== Segment start ==
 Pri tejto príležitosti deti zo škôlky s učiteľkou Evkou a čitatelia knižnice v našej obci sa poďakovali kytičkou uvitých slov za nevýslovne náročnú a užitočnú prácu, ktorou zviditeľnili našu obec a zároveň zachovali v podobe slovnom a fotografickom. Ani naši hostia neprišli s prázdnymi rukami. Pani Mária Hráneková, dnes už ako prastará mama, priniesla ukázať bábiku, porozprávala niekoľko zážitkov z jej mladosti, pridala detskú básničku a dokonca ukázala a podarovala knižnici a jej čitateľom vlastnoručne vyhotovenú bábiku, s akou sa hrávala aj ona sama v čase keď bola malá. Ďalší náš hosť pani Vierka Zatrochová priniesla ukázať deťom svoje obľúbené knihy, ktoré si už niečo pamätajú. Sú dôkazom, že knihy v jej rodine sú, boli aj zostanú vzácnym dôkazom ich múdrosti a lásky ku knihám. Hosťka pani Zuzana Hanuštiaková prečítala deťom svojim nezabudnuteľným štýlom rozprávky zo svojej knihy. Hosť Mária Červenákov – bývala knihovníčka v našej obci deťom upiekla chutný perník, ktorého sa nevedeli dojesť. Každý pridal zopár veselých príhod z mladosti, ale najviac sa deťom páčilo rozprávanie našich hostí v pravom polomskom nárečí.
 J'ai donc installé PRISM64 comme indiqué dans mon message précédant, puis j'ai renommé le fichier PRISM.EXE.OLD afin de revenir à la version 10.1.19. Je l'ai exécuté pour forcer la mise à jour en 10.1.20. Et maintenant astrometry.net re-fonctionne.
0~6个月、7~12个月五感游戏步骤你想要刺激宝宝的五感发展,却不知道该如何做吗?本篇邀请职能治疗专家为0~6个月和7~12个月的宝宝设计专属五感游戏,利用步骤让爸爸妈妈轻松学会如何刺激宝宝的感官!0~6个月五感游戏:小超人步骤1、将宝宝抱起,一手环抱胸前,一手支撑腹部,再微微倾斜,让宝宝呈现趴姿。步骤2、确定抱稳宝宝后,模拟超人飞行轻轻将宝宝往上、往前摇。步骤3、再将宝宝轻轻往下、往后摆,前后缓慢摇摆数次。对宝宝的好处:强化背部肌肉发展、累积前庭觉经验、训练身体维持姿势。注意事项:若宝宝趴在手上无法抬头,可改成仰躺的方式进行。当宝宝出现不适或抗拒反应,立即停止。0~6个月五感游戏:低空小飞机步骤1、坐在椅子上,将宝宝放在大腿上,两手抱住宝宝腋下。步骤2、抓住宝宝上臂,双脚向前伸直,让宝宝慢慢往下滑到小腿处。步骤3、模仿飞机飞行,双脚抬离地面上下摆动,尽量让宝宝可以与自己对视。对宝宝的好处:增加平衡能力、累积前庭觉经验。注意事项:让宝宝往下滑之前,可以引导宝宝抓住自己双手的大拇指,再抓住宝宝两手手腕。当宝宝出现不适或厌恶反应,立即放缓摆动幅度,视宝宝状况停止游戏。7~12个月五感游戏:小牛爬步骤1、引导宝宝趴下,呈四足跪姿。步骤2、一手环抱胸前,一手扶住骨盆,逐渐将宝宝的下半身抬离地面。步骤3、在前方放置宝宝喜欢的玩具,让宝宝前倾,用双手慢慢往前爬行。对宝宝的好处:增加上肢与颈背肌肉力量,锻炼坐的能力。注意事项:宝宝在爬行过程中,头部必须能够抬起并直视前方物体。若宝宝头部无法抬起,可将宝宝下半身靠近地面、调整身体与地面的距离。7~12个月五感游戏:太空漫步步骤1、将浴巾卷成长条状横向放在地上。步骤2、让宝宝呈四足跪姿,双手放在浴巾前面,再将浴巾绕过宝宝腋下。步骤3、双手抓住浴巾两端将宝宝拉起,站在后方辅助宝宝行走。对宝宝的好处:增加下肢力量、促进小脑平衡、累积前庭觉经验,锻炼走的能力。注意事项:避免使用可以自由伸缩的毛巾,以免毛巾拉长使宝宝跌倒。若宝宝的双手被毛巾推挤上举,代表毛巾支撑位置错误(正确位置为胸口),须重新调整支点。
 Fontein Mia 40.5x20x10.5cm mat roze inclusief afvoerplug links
== Segment end ==
■ Action item ■
From the first line to the last, write out the listing exactly.

■ Exercise answer ■
 Pri tejto príležitosti deti zo škôlky s učiteľkou Evkou a čitatelia knižnice v našej obci sa poďakovali kytičkou uvitých slov za nevýslovne náročnú a užitočnú prácu, ktorou zviditeľnili našu obec a zároveň zachovali v podobe slovnom a fotografickom. Ani naši hostia neprišli s prázdnymi rukami. Pani Mária Hráneková, dnes už ako prastará mama, priniesla ukázať bábiku, porozprávala niekoľko zážitkov z jej mladosti, pridala detskú básničku a dokonca ukázala a podarovala knižnici a jej čitateľom vlastnoručne vyhotovenú bábiku, s akou sa hrávala aj ona sama v čase keď bola malá. Ďalší náš hosť pani Vierka Zatrochová priniesla ukázať deťom svoje obľúbené knihy, ktoré si už niečo pamätajú. Sú dôkazom, že knihy v jej rodine sú, boli aj zostanú vzácnym dôkazom ich múdrosti a lásky ku knihám. Hosťka pani Zuzana Hanuštiaková prečítala deťom svojim nezabudnuteľným štýlom rozprávky zo svojej knihy. Hosť Mária Červenákov – bývala knihovníčka v našej obci deťom upiekla chutný perník, ktorého sa nevedeli dojesť. Každý pridal zopár veselých príhod z mladosti, ale najviac sa deťom páčilo rozprávanie našich hostí v pravom polomskom nárečí.
 J'ai donc installé PRISM64 comme indiqué dans mon message précédant, puis j'ai renommé le fichier PRISM.EXE.OLD afin de revenir à la version 10.1.19. Je l'ai exécuté pour forcer la mise à jour en 10.1.20. Et maintenant astrometry.net re-fonctionne.
0~6个月、7~12个月五感游戏步骤你想要刺激宝宝的五感发展,却不知道该如何做吗?本篇邀请职能治疗专家为0~6个月和7~12个月的宝宝设计专属五感游戏,利用步骤让爸爸妈妈轻松学会如何刺激宝宝的感官!0~6个月五感游戏:小超人步骤1、将宝宝抱起,一手环抱胸前,一手支撑腹部,再微微倾斜,让宝宝呈现趴姿。步骤2、确定抱稳宝宝后,模拟超人飞行轻轻将宝宝往上、往前摇。步骤3、再将宝宝轻轻往下、往后摆,前后缓慢摇摆数次。对宝宝的好处:强化背部肌肉发展、累积前庭觉经验、训练身体维持姿势。注意事项:若宝宝趴在手上无法抬头,可改成仰躺的方式进行。当宝宝出现不适或抗拒反应,立即停止。0~6个月五感游戏:低空小飞机步骤1、坐在椅子上,将宝宝放在大腿上,两手抱住宝宝腋下。步骤2、抓住宝宝上臂,双脚向前伸直,让宝宝慢慢往下滑到小腿处。步骤3、模仿飞机飞行,双脚抬离地面上下摆动,尽量让宝宝可以与自己对视。对宝宝的好处:增加平衡能力、累积前庭觉经验。注意事项:让宝宝往下滑之前,可以引导宝宝抓住自己双手的大拇指,再抓住宝宝两手手腕。当宝宝出现不适或厌恶反应,立即放缓摆动幅度,视宝宝状况停止游戏。7~12个月五感游戏:小牛爬步骤1、引导宝宝趴下,呈四足跪姿。步骤2、一手环抱胸前,一手扶住骨盆,逐渐将宝宝的下半身抬离地面。步骤3、在前方放置宝宝喜欢的玩具,让宝宝前倾,用双手慢慢往前爬行。对宝宝的好处:增加上肢与颈背肌肉力量,锻炼坐的能力。注意事项:宝宝在爬行过程中,头部必须能够抬起并直视前方物体。若宝宝头部无法抬起,可将宝宝下半身靠近地面、调整身体与地面的距离。7~12个月五感游戏:太空漫步步骤1、将浴巾卷成长条状横向放在地上。步骤2、让宝宝呈四足跪姿,双手放在浴巾前面,再将浴巾绕过宝宝腋下。步骤3、双手抓住浴巾两端将宝宝拉起,站在后方辅助宝宝行走。对宝宝的好处:增加下肢力量、促进小脑平衡、累积前庭觉经验,锻炼走的能力。注意事项:避免使用可以自由伸缩的毛巾,以免毛巾拉长使宝宝跌倒。若宝宝的双手被毛巾推挤上举,代表毛巾支撑位置错误(正确位置为胸口),须重新调整支点。
 Fontein Mia 40.5x20x10.5cm mat roze inclusief afvoerplug links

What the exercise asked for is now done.